The point is that the entire alleged value is the ability to parse the reading material and extract the key points, but because it doesn’t resemble intelligence in any way, it isn’t actually capable of meaningfully doing so.
Yes, not being able to distinguish between the real answer and a “banana for scale” analogy is a big problem that shows how fucking useless the technology is.
*Dangerous! Don’t forget how dangerous it is — considering all tech bros and corps are acting as though LLM’s are on the verge of real intelligence, instead of being a stochastic parrot that’s essentially a mathematical magic trick.
“Now watch as I, the great mathemagician, make a statistical algorithm appear to hold general intelligence!”

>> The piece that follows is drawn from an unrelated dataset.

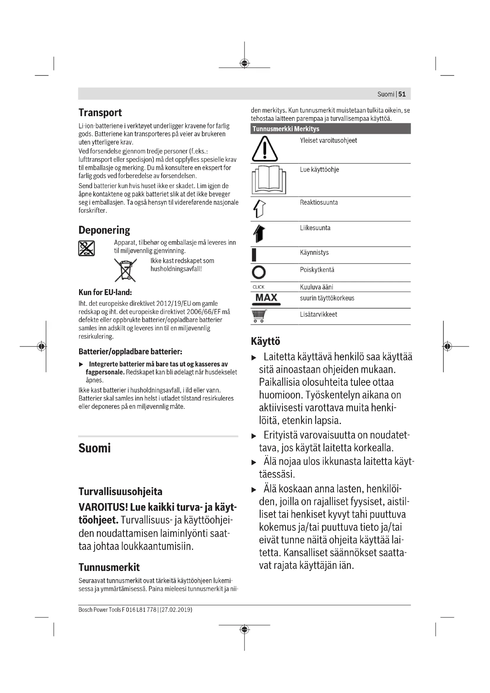 Rengjøre mikrofiberklut L 166 Tilbehør M 166 Bosch Power Tools F 016 L81 778 | (27.02.2019)50 | Norsk Igangsetting Merk: Batteriet er delvis ladet ved levering. For å sikre full effekt fra batteriet, må du lade det fullstendig opp i ladeapparatet før førstegangs bruk. Batteriet kan lades opp til enhver tid uten at levetiden forkortes. Det skader ikke batteriet å avbryte oppladingen. Batteriet er beskyttet mot total utladning. Redskapet stanser når batteriet er utladet. Opplading av batteriet (se bilde A og C) Merknad: Micro-USB-kontakten (20) for tilkobling av Micro- USB-kabelen (17) befinner seg i grepet. Når batteriladingen er lav, blinker batteri-ladeindikatoren (4) grønt. Batteriet skal lades opp når batteri-ladeindikatoren (4) blinker rødt. Slå redskapet av og lad opp batteriet. Forbind redskapet ved hjelp av den medleverte Micro-USB- kabelen (17) med ladeapparatet (18). Sett ladeapparatet (18) inn i stikkontakten. Ladingen starter. Under oppladingen blir maskinens grep oppvarmet. Dette er normalt. Batteri-ladeindikatoren (4) lyser kontinuerlig rødt under oppladingen. Når batteriet er ladet opp fullstendig, lyser batteri-ladeindikatoren (4) kontinuerlig grønt. Koble ladeapparatet fra strømnettet når oppladingen er avsluttet. Følg informasjonene om kassering. Feilsøking Symptomer Mulig årsak Løsning Redskap starter ikke Utladet batteri Lad opp batteri For kaldt/for varmt batteri Varm opp/avkjøl batteriet Innskrenket eller overhodet ingen sugeeffekt Sugehode blokkert Fjern blokkering i sugehodet Lås er borte Erstatt lås Redskap kobler ut For kaldt/for varmt batteri Varm opp/avkjøl batteriet Sugehode blokkert Fjern blokkering i sugehodet Vann renner ut av redskapet Sprayapplikator er ikke riktig montert Monter sprayapplikator riktig Batteri lader ikke Ladeapparat ikke riktig tilkoblet Kontroller ladeapparat og USB-kabelforbindelser For kaldt/for varmt batteri Varm opp/avkjøl batteriet Striper på vinduet Viskerblad skadet Skift ut viskerblad (tilbehør) Brukt for mye kraft Bruk mindre kraft Brukt for liten kraft Bruk mer kraft Vedlikehold og rengjøring (se bilde J−K) Rengjør redskapet alltid grundig etter bruk. Fjern sugehode fra hovedlegeme og skyll dette. Mens du fjerner sugehodet (2) fra redskapet, fyll spillvanntanken (7) med rent, varmt vann gjennom åpningen i sugehodet inntil max-linjen. IKKE fyll spillvanntanken (7) gjennom tømmeåpningen. Rist redskapet og hell vannet ut gjennom låsen (8). Pleie sugehode Beskytt sugehodet mot skader under lagringen. Unngå at papir eller papp berører viskerbladet, plasten kan derved bli skadet. På plasten kan det sees flekker og linjer. Detter normalt og har ingen innflytelse på rengjøringseffekten. Tekstiler Mikrofiberkluter: 67% polyester, 14% polyamid, 19% polypropylen Kundeservice og kundeveiledning www.bosch-pt.de Ved alle forespørsler og reservedelsbestillinger må du oppgi det 10‑sifrede produktnummeret som er angitt på produktets typeskilt. Norsk Robert Bosch AS Postboks 350 1402 Ski Tel.: 64 87 89 50 Faks: 64 87 89 55 F 016 L81 778 | (27.02.2019) Bosch Power ToolsSuomi | 51 Transport Li-ion-batteriene i verktøyet underligger kravene for farlig gods. Batteriene kan transporteres på veier av brukeren uten ytterligere krav. Ved forsendelse gjennom tredje personer (f.eks.: lufttransport eller spedisjon) må det oppfylles spesielle krav til emballasje og merking. Du må konsultere en ekspert for farlig gods ved forberedelse av forsendelsen. Send batterier kun hvis huset ikke er skadet. Lim igjen de åpne kontaktene og pakk batteriet slik at det ikke beveger seg i emballasjen. Ta også hensyn til videreførende nasjonale forskrifter. Deponering Apparat, tilbehør og emballasje må leveres inn til miljøvennlig gjenvinning. Ikke kast redskapet som husholdningsavfall! Kun for EU‑land: Iht. det europeiske direktivet 2012/19/EU om gamle redskap og iht. det europeiske direktivet 2006/66/EF må defekte eller oppbrukte batterier/oppladbare batterier samles inn adskilt og leveres inn til en miljøvennlig resirkulering. Batterier/oppladbare batterier: u Integrerte batterier må bare tas ut og kasseres av fagpersonale. Redskapet kan bli ødelagt når husdekselet åpnes. Ikke kast batterier i husholdningsavfall, i ild eller vann. Batterier skal samles inn helst i utladet tilstand resirkuleres eller deponeres på en miljøvennlig måte. Suomi Turvallisuusohjeita VAROITUS! Lue kaikki turva- ja käyt- töohjeet. Turvallisuus- ja käyttöohjei- den noudattamisen laiminlyönti saat- taa johtaa loukkaantumisiin. Tunnusmerkit Seuraavat tunnusmerkit ovat tärkeitä käyttöohjeen lukemi- sessa ja ymmärtämisessä. Paina mieleesi tunnusmerkit ja nii- den merkitys. Kun tunnusmerkit muistetaan tulkita oikein, se tehostaa laitteen parempaa ja turvallisempaa käyttöä. Tunnusmerkki Merkitys Yleiset varoitusohjeet Lue käyttöohje Reaktiosuunta Liikesuunta Käynnistys Poiskytkentä CLICK! Kuuluva ääni suurin täyttökorkeus Lisätarvikkeet Käyttö u Laitetta käyttävä henkilö saa käyttää sitä ainoastaan ohjeiden mukaan. Paikallisia olosuhteita tulee ottaa huomioon. Työskentelyn aikana on aktiivisesti varottava muita henki- löitä, etenkin lapsia. u Erityistä varovaisuutta on noudatet- tava, jos käytät laitetta korkealla. u Älä nojaa ulos ikkunasta laitetta käyt- täessäsi. u Älä koskaan anna lasten, henkilöi- den, joilla on rajalliset fyysiset, aistil- liset tai henkiset kyvyt tahi puuttuva kokemus ja/tai puuttuva tieto ja/tai eivät tunne näitä ohjeita käyttää lai- tetta. Kansalliset säännökset saatta- vat rajata käyttäjän iän. Bosch Power Tools F 016 L81 778 | (27.02.2019)52 | Suomi u Lapsia tulee valvoa ja varmistaa, että he eivät leiki laitteen kanssa. u Käyttäjä on vastuussa työalueella olevista sivullisista. Käyttö u Älä suuntaa laitteesta tulevaa suih- kua lähellä olevia henkilöitä tai eläi- miä kohti. u Älä suuntaa suihkutuslaitteesta tule- vaa suihkua sähkö

Our “intelligence” agencies already kill innocent people based entirely on metadata — because they simply live or work around areas that known terrorists occupy — now imagine if an AI was calling the shots. The more LLM’s are integrated into our day to day lives, the more people will trust them and disregard their own logic, and the more dangerous they become.
Our “intelligence” agencies already kill innocent people based entirely on metadata — because they simply live or work around areas that known terrorists occupy — now imagine if an AI was calling the shots.

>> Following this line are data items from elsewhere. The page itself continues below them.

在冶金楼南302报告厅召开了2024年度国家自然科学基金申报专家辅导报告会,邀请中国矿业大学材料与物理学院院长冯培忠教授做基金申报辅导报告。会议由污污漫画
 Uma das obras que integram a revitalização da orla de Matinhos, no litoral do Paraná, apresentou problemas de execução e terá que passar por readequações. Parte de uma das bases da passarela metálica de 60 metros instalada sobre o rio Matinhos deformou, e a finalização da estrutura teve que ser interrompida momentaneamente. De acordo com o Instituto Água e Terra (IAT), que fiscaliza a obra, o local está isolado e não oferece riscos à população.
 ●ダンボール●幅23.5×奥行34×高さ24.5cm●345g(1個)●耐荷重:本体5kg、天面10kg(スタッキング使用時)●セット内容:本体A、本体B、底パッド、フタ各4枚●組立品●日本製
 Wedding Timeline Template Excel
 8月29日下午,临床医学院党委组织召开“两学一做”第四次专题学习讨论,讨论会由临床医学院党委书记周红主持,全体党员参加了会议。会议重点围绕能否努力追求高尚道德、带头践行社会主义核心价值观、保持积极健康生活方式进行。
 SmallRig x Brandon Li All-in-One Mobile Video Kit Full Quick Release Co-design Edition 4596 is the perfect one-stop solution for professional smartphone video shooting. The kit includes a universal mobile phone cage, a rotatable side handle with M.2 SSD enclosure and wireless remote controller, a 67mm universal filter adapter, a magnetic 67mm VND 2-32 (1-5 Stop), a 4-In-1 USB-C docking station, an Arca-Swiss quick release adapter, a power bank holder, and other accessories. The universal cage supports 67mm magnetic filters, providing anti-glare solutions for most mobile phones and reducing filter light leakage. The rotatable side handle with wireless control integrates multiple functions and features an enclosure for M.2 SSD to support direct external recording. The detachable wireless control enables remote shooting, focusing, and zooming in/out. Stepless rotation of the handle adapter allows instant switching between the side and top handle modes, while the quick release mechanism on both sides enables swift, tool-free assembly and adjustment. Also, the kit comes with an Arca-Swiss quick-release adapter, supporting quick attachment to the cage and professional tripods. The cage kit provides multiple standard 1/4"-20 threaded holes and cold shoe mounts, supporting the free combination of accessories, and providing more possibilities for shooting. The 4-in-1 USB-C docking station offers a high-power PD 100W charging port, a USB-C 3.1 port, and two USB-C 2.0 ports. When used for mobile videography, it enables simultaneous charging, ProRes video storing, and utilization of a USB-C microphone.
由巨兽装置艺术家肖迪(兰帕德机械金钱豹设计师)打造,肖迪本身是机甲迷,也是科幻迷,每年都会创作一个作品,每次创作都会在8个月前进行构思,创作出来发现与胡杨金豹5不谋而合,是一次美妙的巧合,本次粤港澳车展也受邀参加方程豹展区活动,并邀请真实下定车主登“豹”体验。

So by your own scenario, intelligence agencies are already getting stuff wrong and making bad decisions using existing methodologies.
Why do you assume that new methodologies that involve LLMs will be worse at that? Why could they not be better? Presumably they’re going to be evaluating their results when deciding whether to make extensive use of them.
“Mathematical magic tricks” can turn out to be extremely useful. That phrase can be used to describe all manner of existing techniques that are undeniably foundational to civilization.
Yes but they supposedly scaled it to “one meter per meter”. A “scale where the distance from the Sun to Earth is 150 million km” is the actual distance.
lol I did miss that, but it was enough to make it not a guess that its source was scaling for comparison.
My whole point was the same as your OP, though. A condom that’s 95% effective isn’t worth shit. You can’t let a toy without reading comprehension do your reading for you.
Except it is capable of meaningfully doing so, just not in 100% of every conceivable situation. And those rare flubs are the ones that get spread around and laughed at, such as this example.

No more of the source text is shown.